» **Assigned task**
Your output should be the lines below from the one holding "相關(guān)性是什么意思" through the one holding "通城县鑫彬源新材料科技有限公", transcribed exactly, with no pictures.

» **Records provided**
↓
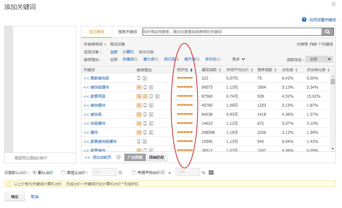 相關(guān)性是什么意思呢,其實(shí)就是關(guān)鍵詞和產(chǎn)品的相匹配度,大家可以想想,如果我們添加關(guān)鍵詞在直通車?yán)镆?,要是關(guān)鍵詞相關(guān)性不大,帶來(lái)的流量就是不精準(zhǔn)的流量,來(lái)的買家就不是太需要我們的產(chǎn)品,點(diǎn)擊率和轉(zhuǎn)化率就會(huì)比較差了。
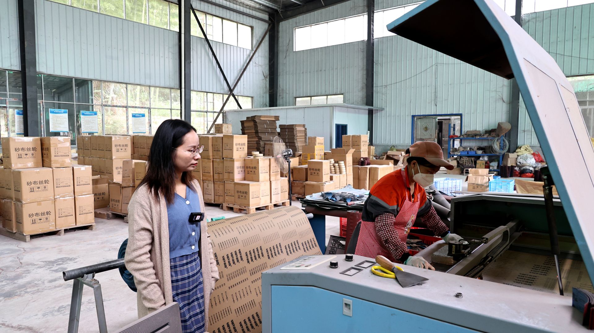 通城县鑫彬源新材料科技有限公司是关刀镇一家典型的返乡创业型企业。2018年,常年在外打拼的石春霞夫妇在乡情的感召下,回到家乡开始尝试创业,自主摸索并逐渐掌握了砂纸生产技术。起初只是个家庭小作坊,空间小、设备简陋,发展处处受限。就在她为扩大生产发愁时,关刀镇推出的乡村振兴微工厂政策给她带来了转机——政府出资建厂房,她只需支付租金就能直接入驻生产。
↑
↓
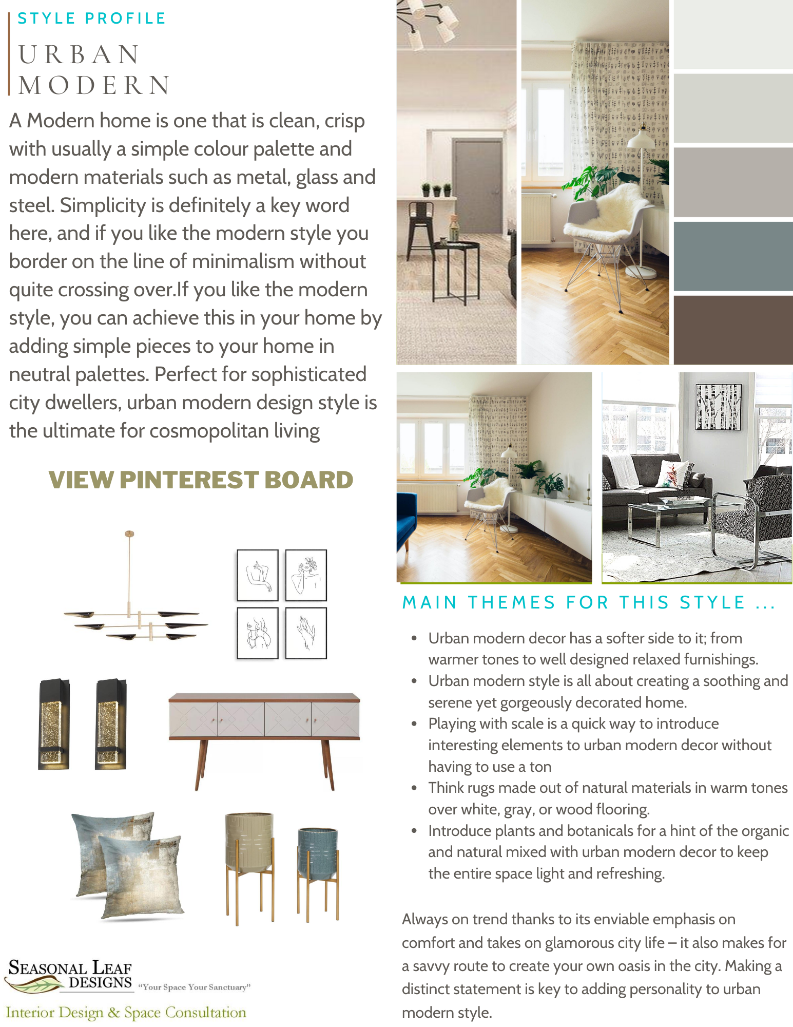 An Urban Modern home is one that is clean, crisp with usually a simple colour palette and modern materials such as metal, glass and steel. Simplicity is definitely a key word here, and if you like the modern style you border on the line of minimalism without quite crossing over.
↑
» **Exercise response**
 相關(guān)性是什么意思呢,其實(shí)就是關(guān)鍵詞和產(chǎn)品的相匹配度,大家可以想想,如果我們添加關(guān)鍵詞在直通車?yán)镆?,要是關(guān)鍵詞相關(guān)性不大,帶來(lái)的流量就是不精準(zhǔn)的流量,來(lái)的買家就不是太需要我們的產(chǎn)品,點(diǎn)擊率和轉(zhuǎn)化率就會(huì)比較差了。
 通城县鑫彬源新材料科技有限公司是关刀镇一家典型的返乡创业型企业。2018年,常年在外打拼的石春霞夫妇在乡情的感召下,回到家乡开始尝试创业,自主摸索并逐渐掌握了砂纸生产技术。起初只是个家庭小作坊,空间小、设备简陋,发展处处受限。就在她为扩大生产发愁时,关刀镇推出的乡村振兴微工厂政策给她带来了转机——政府出资建厂房,她只需支付租金就能直接入驻生产。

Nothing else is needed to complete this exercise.